A new drug, recently approved by the U.S. Food and Drug Administration, Adcetris (brentuximab vedotin), is an antibody-drug conjugate, much stronger than “naked antibodies,” that can directly target CD30 proteins on lymphoma cells and kill them.It is hoped that the direct target will prevent toxicities from methods like chemotherapy from being transported via the bloodstream through the body. A recent study showed 74 percent of the 102 study participants with Hodgkin’s lymphoma saw a partial or complete remission, and 94 percent saw their tumors shrink. There are now about 25 additional antibody-drug conjugates in ongoing trials, and it is expected that more variations of this therapy will soon be on the market.¹⁰

Stem cell therapy. Cancer stem cells, making up just 1 percent to 3 percent of cells in a tumor, are the driving factor in a tumor’s growth. First identified in 2003, cancer stem cells have been isolated in breast cancer, tumors of the neck and head, an aggressive brain cancer called glioblastoma and in the pancreas. Cancer stem cells look just like regular cancer cells, so they are identified by certain proteins that regular cancer cells do not have.

As the ability to better isolate and identify cancer stem cells improves, physicians will have a better understanding of a patient’s risk for developing cancer, as well as new targeted therapies to treat it, potentially killing cancer stem cells in the original tumor before it has an opportunity to spread.¹¹

Self-Management and Palliative Care

Providing the best quality of life for a cancer patient, no matter where they are in their diagnosis and treatment continuum, is a priority for both caregivers and patients, and is being offered at more and more hospitals, outpatient clinics and in-home settings.
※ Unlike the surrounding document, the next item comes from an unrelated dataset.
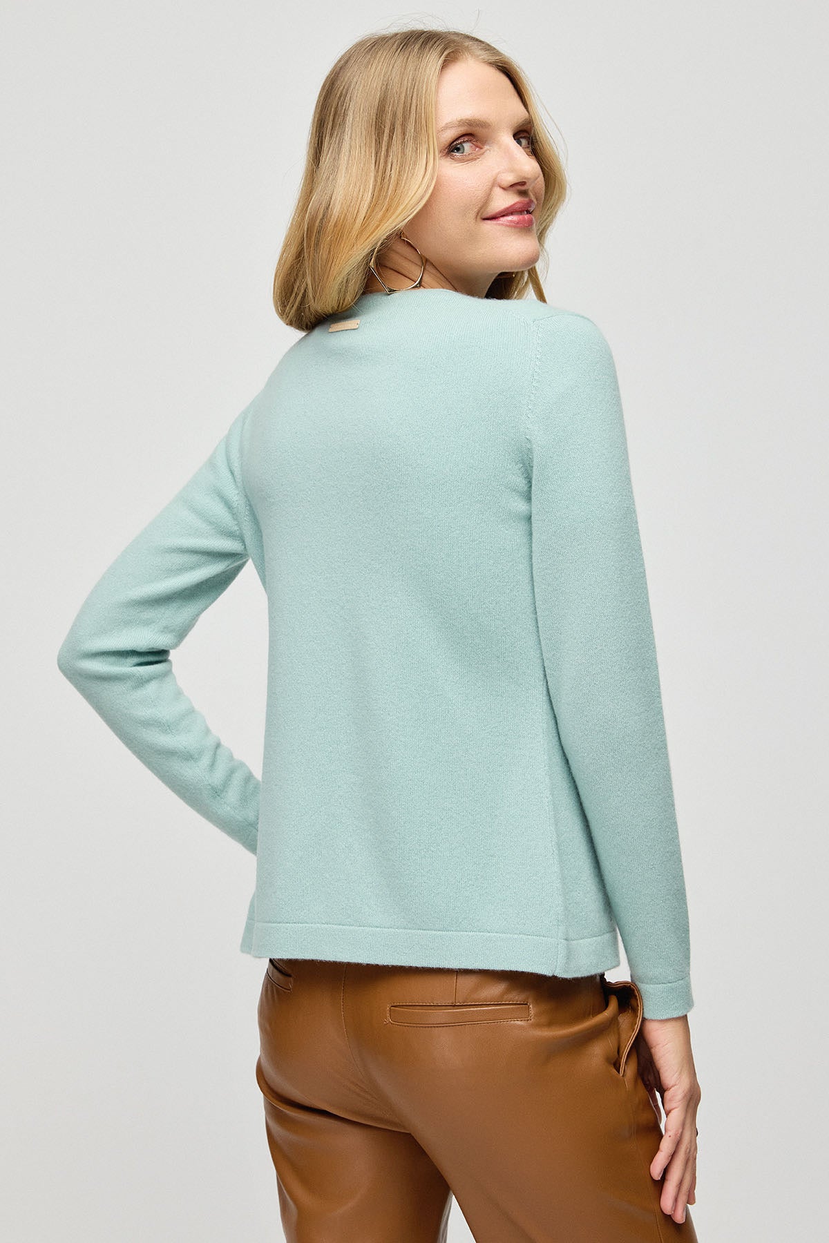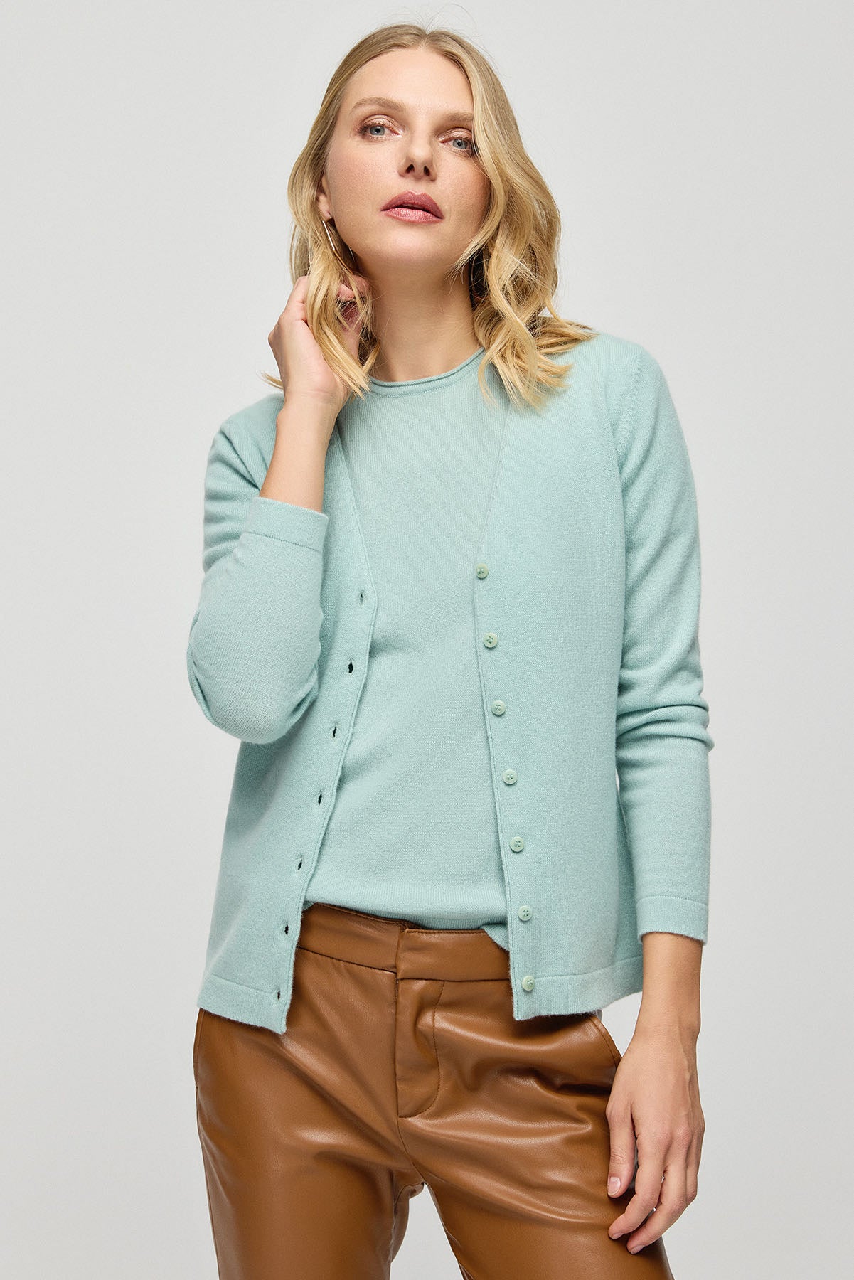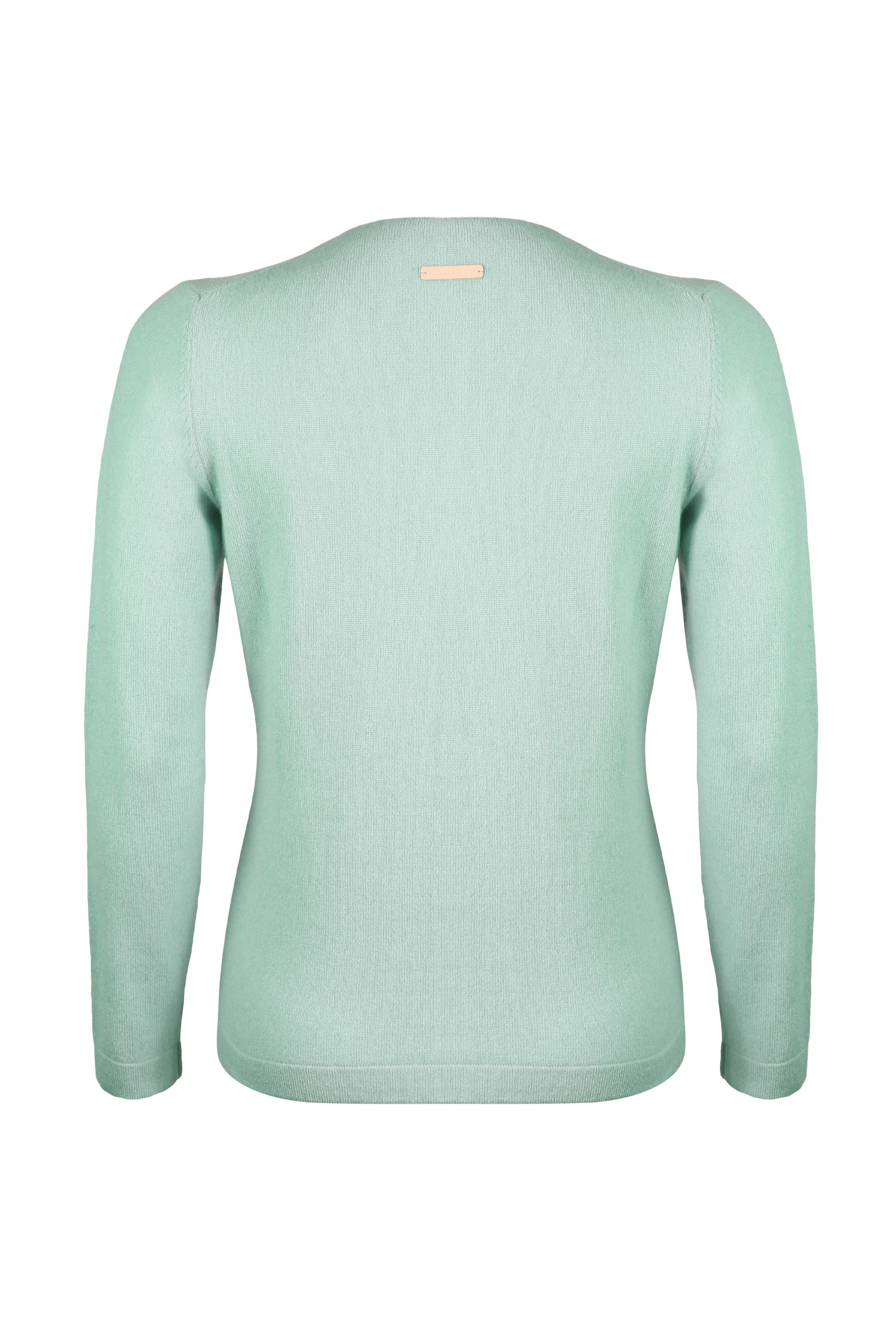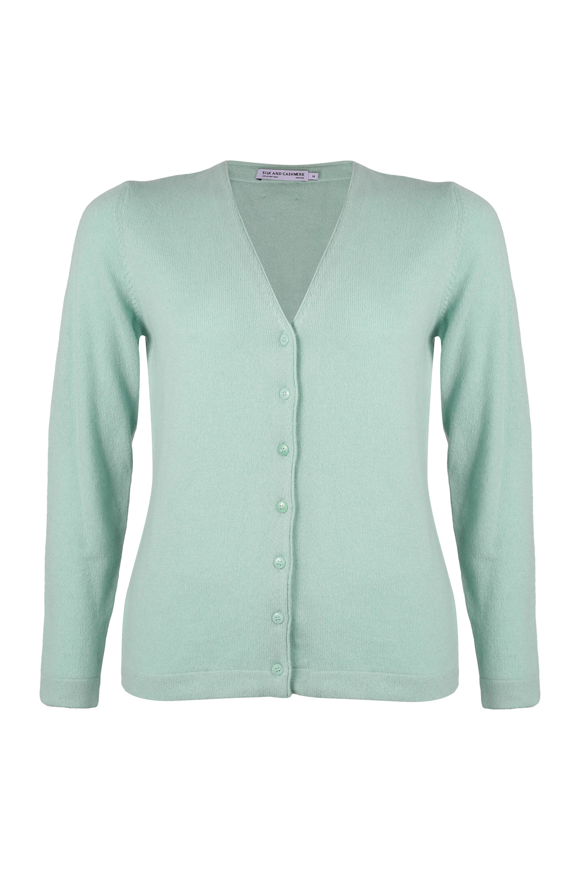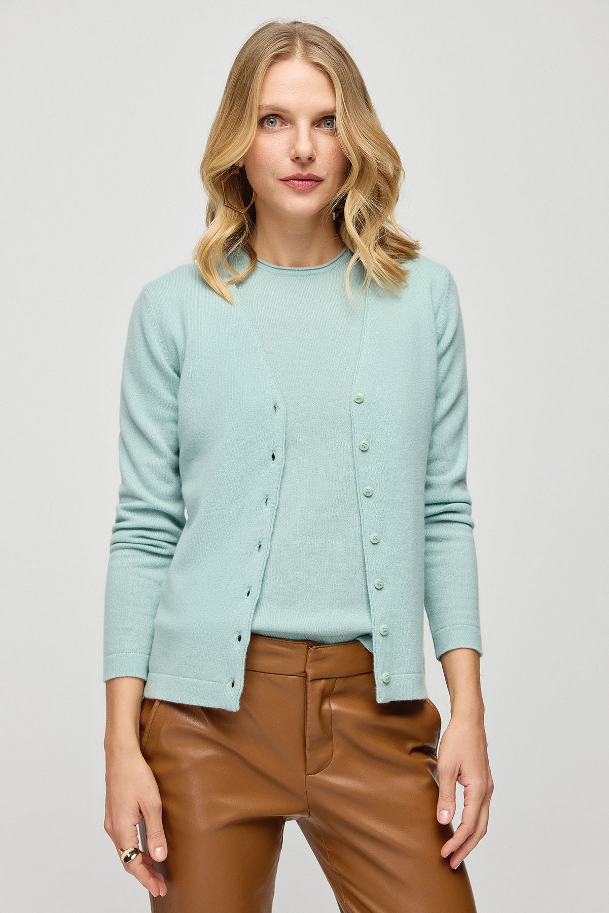 Açık Yeşil Saf Kaşmir Bar Basic V Yaka Kadın Hırka

Thanks to early detection, diagnosis and successful treatments, some can manage cancer like a chronic illness, rather than an acute disease. Family members, patients, oncologists and primary care providers can work together via guidance of the American Cancer Society’s Chronic Care Model (CCM) to formulate a self-management plan that ensures the right tools are available for management and comfort long after traditional treatments have ceased. This includes forming relationships with those who can help, improving skills in problem-solving, decision-making and the ability to take decisive action with regard to healthcare, emotional care and comfort care. Numerous studies have shown the validity and usefulness of self-management through all stages of cancer and survivorship and even end of life.

The CCM includes six steps: self-management support, delivery system design, decision support, clinical information systems, healthcare organizations and the identification and use of community resources. 12 Mutually agreed-upon care plans are the goal, allowing for patients to feel good about their plan and their ability to have some control over the outcome, even if the outcome is based on emotion or comfort. One major limitation that providers need to keep in mind is a common language that is understandable to the patient and family. Another limitation is the patient’s willingness to accept their role in self-management and to take charge. Expectations of providers often outweigh the patient’s ability or motivation.

Self-management and palliative care interventions are most successful for the patient when incorporated early. The American Society of Clinical Oncology has set a goal of incorporating palliative care into cancer care practices by the year 2020.

Better Treatments Moving Forward

The search for better cancer treatments continue to move forward at a rapid pace as scientists better understand the disease and how therapies target it. Of course, better treatment also encompasses a patient’s level of comfort and security of their situation and their ability to impact it in numerous ways. As improvements in the scientific process move forward, as well as improvements in palliative care, the entire experience for the patient will be changed for the better — from identification of risk to early diagnosis, improved and targeted therapies and the informed decision-making continuum for all involved.